I think the semantics of read/write ordering are actually similar to those of atomic_thread_fence with memory_order_acquire or memory_order_release, respectively, in C11/C++11. I agree it's not quite the same as an acquire or release load or store, which in my experience I've seen used more often. atomic_thread_fence has stricter synchronization requirements.

It would of course be possible to add MPI_WIN_ORDER_ACQUIRE and MPI_WIN_ORDER_RELEASE for the sake of semantic compatibility with high-level abstractions.

Doesn't MPI_WIN_ORDER_DATA only apply to conflicting updates?

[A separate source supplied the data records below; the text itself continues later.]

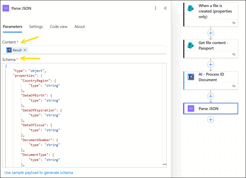 (Note: if using a different passport image or different types of ID documents than the ones provided, a sample schema can be generated by executing the flow, extracting the JSON output from the ‘AI – Process ID Document’ action, and using the ‘Use sample payload to generate schema’ option of the ‘Parse JSON’ action.)
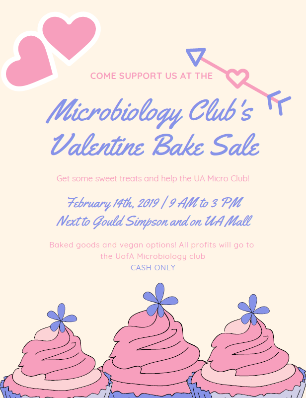 The Microbiology Club will be having a bake sale tomorrow (2/14) from 9 am to 3 pm! Two locations: UA Mall and by Gould Simpson. There will be brownies, cookies, Vegan wedding cookies, Hershey kisses, pumpkin rolls, rice krispies and popcorn. Stop by and grab something sweet for you or someone else!
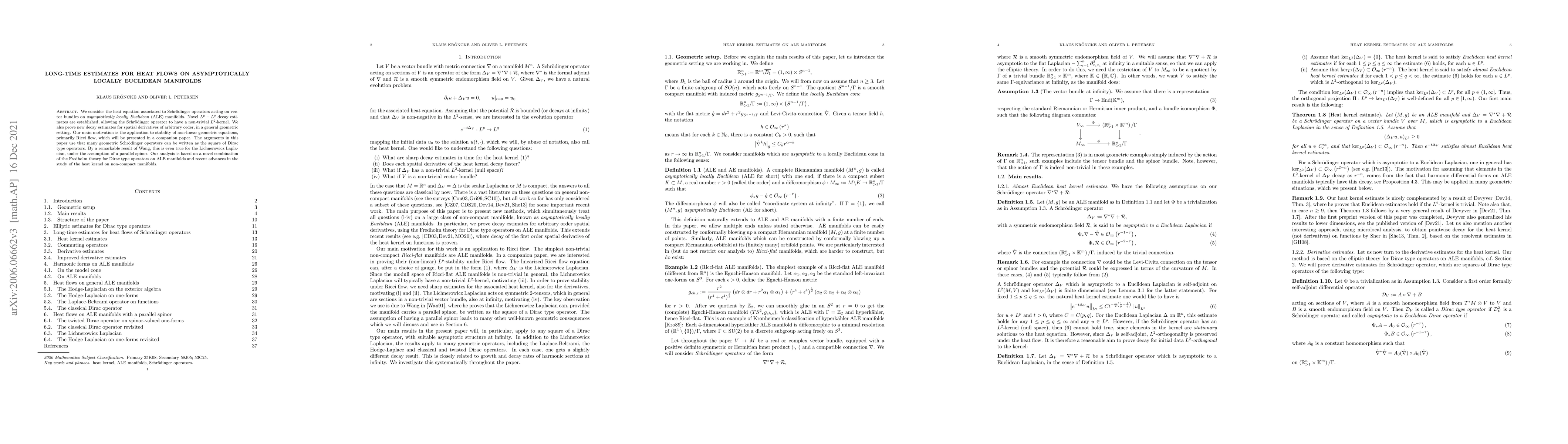 We consider the heat equation associated to Schr\"{o}dinger operators acting on vector bundles on asymptotically locally Euclidean (ALE) manifolds. Novel $L^p - L^q$ decay estimates are established, allowing the Schr\"{o}dinger operator to have a non-trivial $L^2$-kernel. We also prove new decay estimates for spatial derivatives of arbitrary order, in a general geometric setting. Our main motivation is the application to stability of non-linear geometric equations, primarily Ricci flow, which will be presented in a companion paper. The arguments in this paper use that many geometric Schr\"{o}dinger operators can be written as the square of Dirac type operators. By a remarkable result of Wang, this is even true for the Lichnerowicz Laplacian, under the assumption of a parallel spinor. Our analysis is based on a novel combination of the Fredholm theory for Dirac type operators on ALE manifolds and recent advances in the study of the heat kernel on non-compact manifolds.
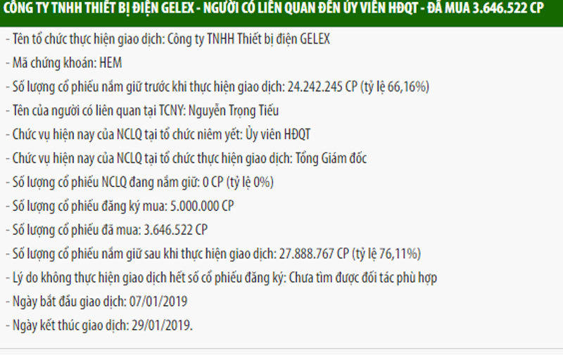 Thiết bị điện Gelex mua cổ phiếu Viglacera.

That is all it does, yes. The reasoning behind MPI_WIN_ORDER_DATA is that in shared memory the implementation likely won't have to issue a memory fence to fulfill this ordering because the CPU takes care of it (well, unless operations to the same shared memory target are in flight in the NIC, in which case those have to complete before returning from MPI_WIN_ORDER). For inter-node communication the implementation will have to take care of the ordering, e.g., by adding a fence flag to the next communication operation. Without MPI_WIN_ORDER_DATA, any call to MPI_WIN_ORDER would require a memory fence in shared memory though.

I suppose if these are done in phases or batches then they don't need individually to be atomic; I think the RMA-WG issues page had such an example.

I'm not sure what you mean by "phases or batches". From the view of a PGAS runtime that uses MPI RMA there is no control whatsoever over the RMA communication pattern the application exhibits. The behavior has to be assumed to be random reads and writes, which basically requires a flush after each operations to ensure sequential consistency. The use of MPI_WIN_ORDER_DATA would boil this down to one flush per blocking get (or before any non-RMA synchronization).

To lend credence to the claim that atomic operations may be slower than put/get: I'm observing significant differences for larger transfers comparing accumulate+replace and a put (followed by a flush): with 2M 64bit integers (16MiB) the difference in throughput is >2x on Aries and 15% on a ConnectX-3 cluster in favor of put (measured with Open MPI 3.1.2). So using atomic operations just to get the ordering comes at a cost and MPI_WIN_ORDER_DATA provides a higher degree of control and flexibility.

omor1 commented 5 years ago

It would of course be possible to add MPI_WIN_ORDER_ACQUIRE and MPI_WIN_ORDER_RELEASE for the sake of semantic compatibility with high-level abstractions.

I don't think we need to bikeshed the naming (and I'm actually happier with MPI_WIN_ORDER_READ and MPI_WIN_ORDER_WRITE, it's more obvious what's going on).

I'm not sure what you mean by "phases or batches".

I meant that one does e.g. a bunch of puts to disparate non-overlapping memory locations, some synchronization operation, followed by a bunch of puts to memory locations overlapping the first batch. Something like @pavanbalaji's example.

If using atomic operations just for ordering (e.g. MPI_ACCUMULATE with MPI_REPLACE or MPI_GET_ACCUMULATE with MPI_NO_OP) then using MPI_PUT/MPI_GET with MPI_WIN_ORDER is absolutely a performance win. Whether or not it's as useful when using atomic operations for their atomicity (i.e. some other operation, e.g. MPI_SUM) is less straightforward, though it could potentially still be a win when the accumulate_ordering is set to something weaker than the default.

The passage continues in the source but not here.